So I’m happy to agree that what I’m seeing in Snyder is placed there partly by me :-)
If you want to have a discussion about who I think is the smarter director then Cronenberg gets my vote every time but I think that despite being a fanboy-pandering alpha geek towel-snapping imbecile, Snyder’s films do have a set of coherent themes about them. they’re not as deeply thought through as they would have been in a film by another director but they’re nonetheless there.

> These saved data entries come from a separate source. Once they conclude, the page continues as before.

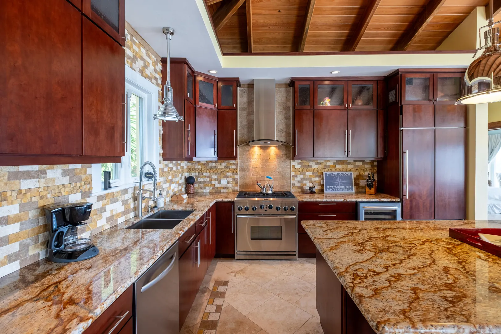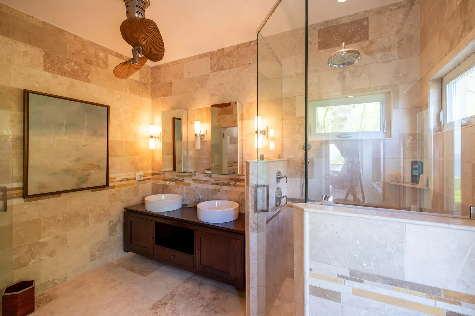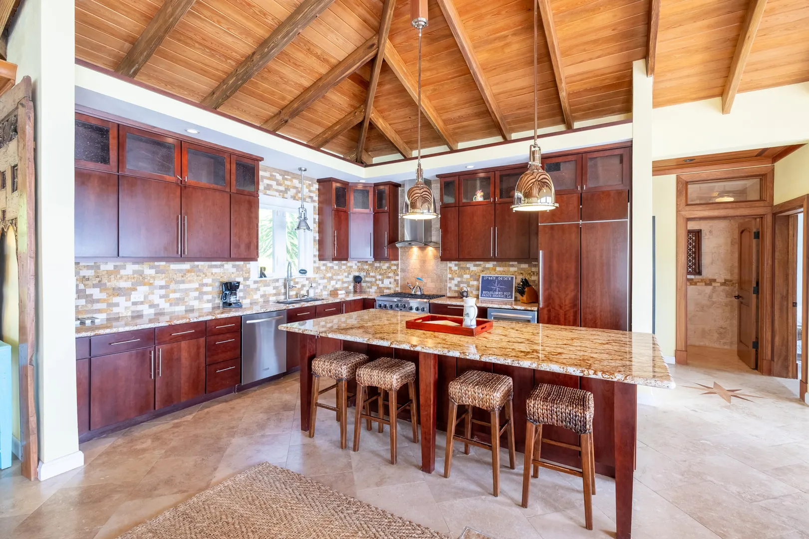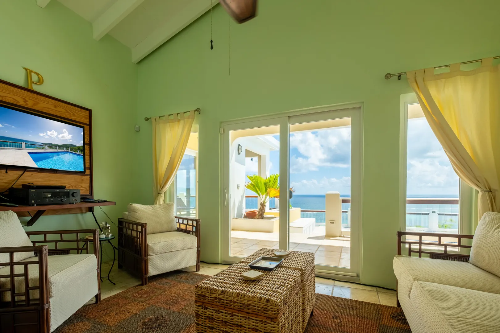 Welcome to your dream Caribbean oasis! This exquisite luxury home on the picturesque East End of St. Croix offers the ultimate blend of comfort, elegance, and convenience. Situated on 2.15 acres with 4 bedrooms, 3.5 baths in the main house, and a fully equipped 1 bedroom, 1 bath apartment, this property is a paradise for families, entertainers, and those seeking the perfect island escape.As you enter the main house, you'll be greeted by an open-concept living space that seamlessly connects the living, dining, and kitchen areas. Soaring cypress ceilings and large impact glass sliding doors lead to a covered terrace, offering awe-inspiring views of the South Shore.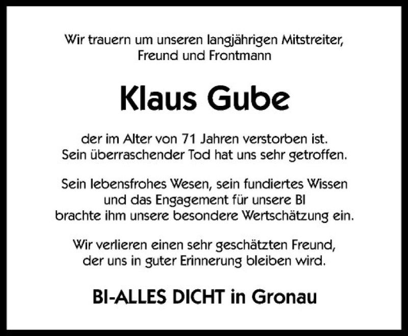 Hier finden Sie alle Traueranzeigen aus der Zeitung, die bisher für Klaus Gube erschienen sind. Weitere Traueranzeigen, die in der Zeitung erscheinen, werden hier ebenfalls aufgelistet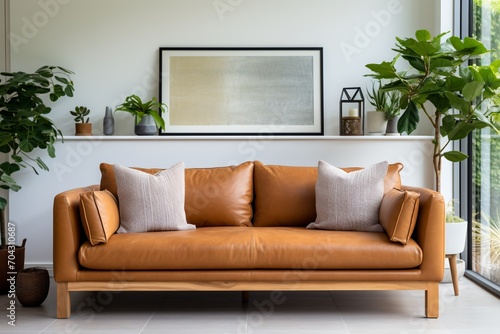 Fototapeta premium brown leather sofa in a living room with plants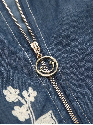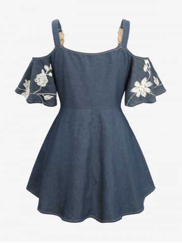 Plus Size Jacquard Embroidery Flowers Rivet Zip Up Leaf Buckle Cold Shoulder T-shirt - Blue - 2x | Us 18-20

I think your point about the audience not being in the least bit destabilised by the sex and violence is a bit more problematic for me. I wasn’t particularly shocked by Salo as I was prepared for it but nonetheless I’d call it a transgressive film. Similarly, while the core audience for 300 was not offended, many critics clearly were… so I’m wary of defining transgression purely in terms of audience reaction. The values of 300 are clearly hugely at odds with those of mainstream culture and as a result I think that’s enough to make them challenging.
I completely agree about Snyder celebrating rather than criticising human savagery but to me this is a matter of politics not of intellectual substance. Where Pasolini and Fellini railed against emotionless sex and loads of films criticise humanity’s propensity for violence and savagery, Snyder’s films are happy to celebrate it in the same way as Riefenstahl’s The Triumph of the Will.
I think that difference of political stance also makes Snyder’s films transgressive. Politically distasteful, but transgressive none the less.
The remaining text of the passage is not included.